Audio formats

The audio you provide in RecognitionRequest must be a raw, headerless monophonic (single-channel) stream of audio samples in one of the following formats. Before sending the audio, set the codec and sampling rate in the mandatory RecognitionParameters: AudioFormat.

List of supported audio formats
Audio format Mime type
Linear PCM, 16 bit, signed little-endian, 8 kHz audio/L16;rate=8000 (default) audio/x-raw;format=S16LE;rate=8000
Linear PCM, 16 bit, signed little-endian, 16 kHz audio/L16;rate=16000 audio/x-raw;format=S16LE;rate=16000
ยต-law, 8-bit, 8 kHz audio/basic;rate=8000
A-law, 8 bit, 8 kHz audio/x-alaw-basic;rate=8000
Ogg-encapsulated Opus, 8 kHz audio/ogg audio/ogg; codecs=opus audio/ogg; rate=8000 audio/ogg; codecs=opus; rate=8000
Ogg-encapsulated Opus, 16 kHz audio/ogg; rate=16000 audio/ogg; codecs=opus; rate=16000
Raw Opus, 8 kHz audio/opus; rate=8000 audio/opus; rate=8000; preskip=x
Raw Opus, 16 kHz audio/opus; rate=16000 audio/opus; rate=16000; preskip=x
Not supported audio/ogg; codecs=vorbis

x is the number of samples (at 48 kHz) to pre-skip in the raw Opus audio.

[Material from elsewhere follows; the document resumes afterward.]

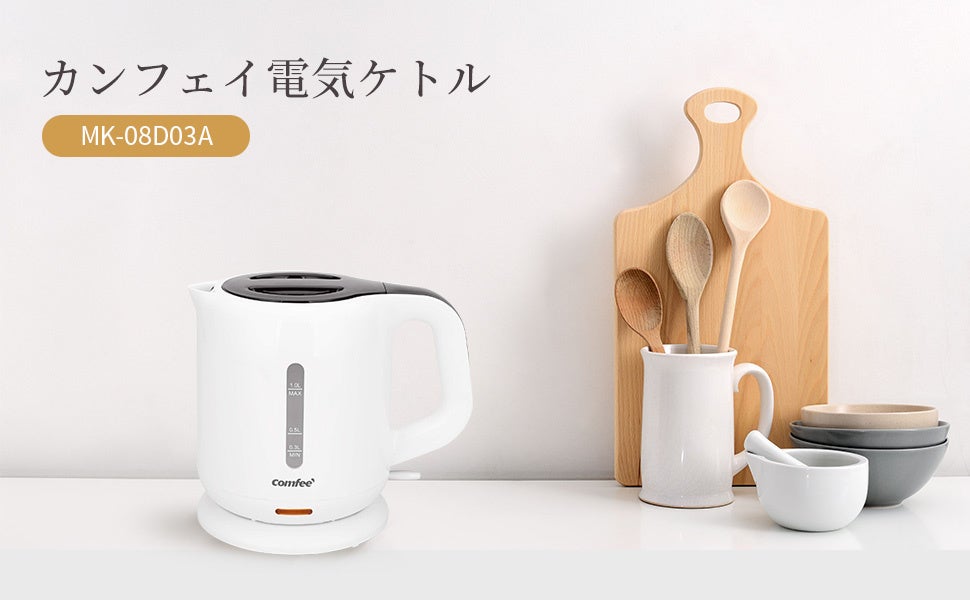 COMFEE' 電気ケトル 1.0L カンタン 急速沸騰 空焚き防止

ASRaaS supports the Opus audio format, either raw Opus (RFC 6716) or Ogg-encapsulated Opus (RFC 7845). The recommended encoder settings for Opus for speech recognition are:

  • Sampling rate: 16 kHz
  • Complexity: 3
  • Bitrate: 28kbps recommended (20 kbps minimum)
  • Bitrate type: VBR (variable bitrate) or CBR (constant bitrate)
  • Packet length: 20ms
  • Encoder mode: SILK only mode
  • With Ogg encapsulation, the maximum Ogg container delay must be <= 100 ms

Please note that Opus is a lossy codec, so you should not expect recognition results to be identical to those obtained with PCM audio.